The appeal of Star Trek is not that of SW. That’s why we even still talk about the PT. The Marvel stuff is closer but they made many choices that mean those films will likely not have extended shelf lives, even though I think many of them made very fun cinema and a couple of them are even decent films.

The next SW film will be revealing. And it will be interesting to see if culturally we still care about this myth.


----------



## Alex Fraser

jbuhler said:


> The next SW film will be revealing. And it will be interesting to see if culturally we still care about this myth.


Absolutely. I think that SW will get better. As much as I’ve enjoyed the OG cast being around for the new films, they’ve brought a lot of “baggage” and with that, the need to reference the films that came before. 

With a clean sheet, SW can move on. But the bigger question is: Who is it for? Whilst _I_ could see the cracks and broken logic throughout RoS, my kids, with their short attention spans and innocence, thought it was the best Star Wars ever.


----------



## Dewdman42

Here's Mike Verta's comment about ROS:


----------



## jbuhler

Alex Fraser said:


> Absolutely. I think that SW will get better. As much as I’ve enjoyed the OG cast being around for the new films, they’ve brought a lot of “baggage” and with that, the need to reference the films that came before.
> 
> With a clean sheet, SW can move on. But the bigger question is: Who is it for?
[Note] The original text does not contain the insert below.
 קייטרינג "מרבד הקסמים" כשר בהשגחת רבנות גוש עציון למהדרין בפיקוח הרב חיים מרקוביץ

Whilst _I_ could see the cracks and broken logic throughout RoS, my kids, with their short attention spans and innocence, thought it was the best Star Wars ever.
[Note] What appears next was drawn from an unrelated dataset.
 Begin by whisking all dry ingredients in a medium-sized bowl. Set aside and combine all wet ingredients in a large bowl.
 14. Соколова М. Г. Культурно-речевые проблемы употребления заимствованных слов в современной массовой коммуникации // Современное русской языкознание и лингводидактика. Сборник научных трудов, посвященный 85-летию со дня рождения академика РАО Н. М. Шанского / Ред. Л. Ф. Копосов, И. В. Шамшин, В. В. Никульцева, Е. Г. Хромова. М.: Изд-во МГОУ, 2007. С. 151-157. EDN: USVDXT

SW was never culturally innocent or the adolescent film it presented itself as being, even if it proved it could sell toys and other ancillary merchandise like few other films. But the Cold War allegory the OT encoded was hardly subtle and there was a reason Reagan named his missile defense system after the films. Even so, the political commitments of the films and of the underlying myth are not especially clear, and this underdetermination is part of its power and likely one reason so much culturally has been staked on the films and the reception of both the PT and ST has been so contentious.


----------



## NoamL

purple said:


> Fillms:
> S tier: 4, 5
> A tier: 6
> B tier: 8, 3
> C tier: 1
> D tier: Rogue 1, Solo, 9, 7
> F tier: 2
> 
> Music:
> S tier: 4, 5, 6, 3, 1, 2
> A tier: 8, 7
> B tier: 9
> C tier: Rogue 1
> D tier: Solo
> F tier:



Very agreed



Alex Fraser said:


> Absolutely. I think that SW will get better. As much as I’ve enjoyed the OG cast being around for the new films, they’ve brought a lot of “baggage” and with that, the need to reference the films that came before.
> 
> With a clean sheet, SW can move on. But the bigger question is: Who is it for? Whilst _I_ could see the cracks and broken logic throughout RoS, my kids, with their short attention spans and innocence, thought it was the best Star Wars ever.
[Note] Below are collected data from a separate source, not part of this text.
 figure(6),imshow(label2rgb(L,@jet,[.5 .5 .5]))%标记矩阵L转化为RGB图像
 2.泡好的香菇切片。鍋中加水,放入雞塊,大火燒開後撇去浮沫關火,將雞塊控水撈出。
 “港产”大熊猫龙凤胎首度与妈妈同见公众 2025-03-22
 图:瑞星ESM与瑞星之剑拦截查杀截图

I almost feel the opposite. Star Wars isn't a cinematic setting, it's a film saga. Maybe that's why people are re-appraising the prequels recently. They may be much worse films than the sequels, but the prequels clearly intend to enrich and extend the saga. The sequels are trying to be Marvel movies, film-length TV episodes in an endless "setting" pointed nowhere in particular but culminating every so often in a "season finale."

I saw lots of comments on ROS that say a certain plot twist "undoes Vader's sacrifice." Of course just having TFA completely undoes the end of ROTJ. It doesn't build on ROTJ in any way, it resets the universe back to the Empire vs Rebels status quo with all of the original Mandatory Star Wars Stuff in play (lightsabers, orphans, etc) except now the original characters are wandering around the set as senior citizens.

The saga ends with Vader's pyre. Everything after that, whether created by Disney or Timothy Zahn or whoever, is fanfiction.


----------



## NoamL

jbuhler said:


> SW was never culturally innocent or the adolescent film it presented itself as being, even if it proved it could sell toys and other ancillary merchandise like few other films. But the Cold War allegory the OT encoded was hardly subtle and there was a reason Reagan named his missile defense system after the films. Even so, the political commitments of the films and of the underlying myth are not especially clear, and this underdetermination is part of its power and likely one reason so much culturally has been staked on the films and the reception of both the PT and ST has been so contentious.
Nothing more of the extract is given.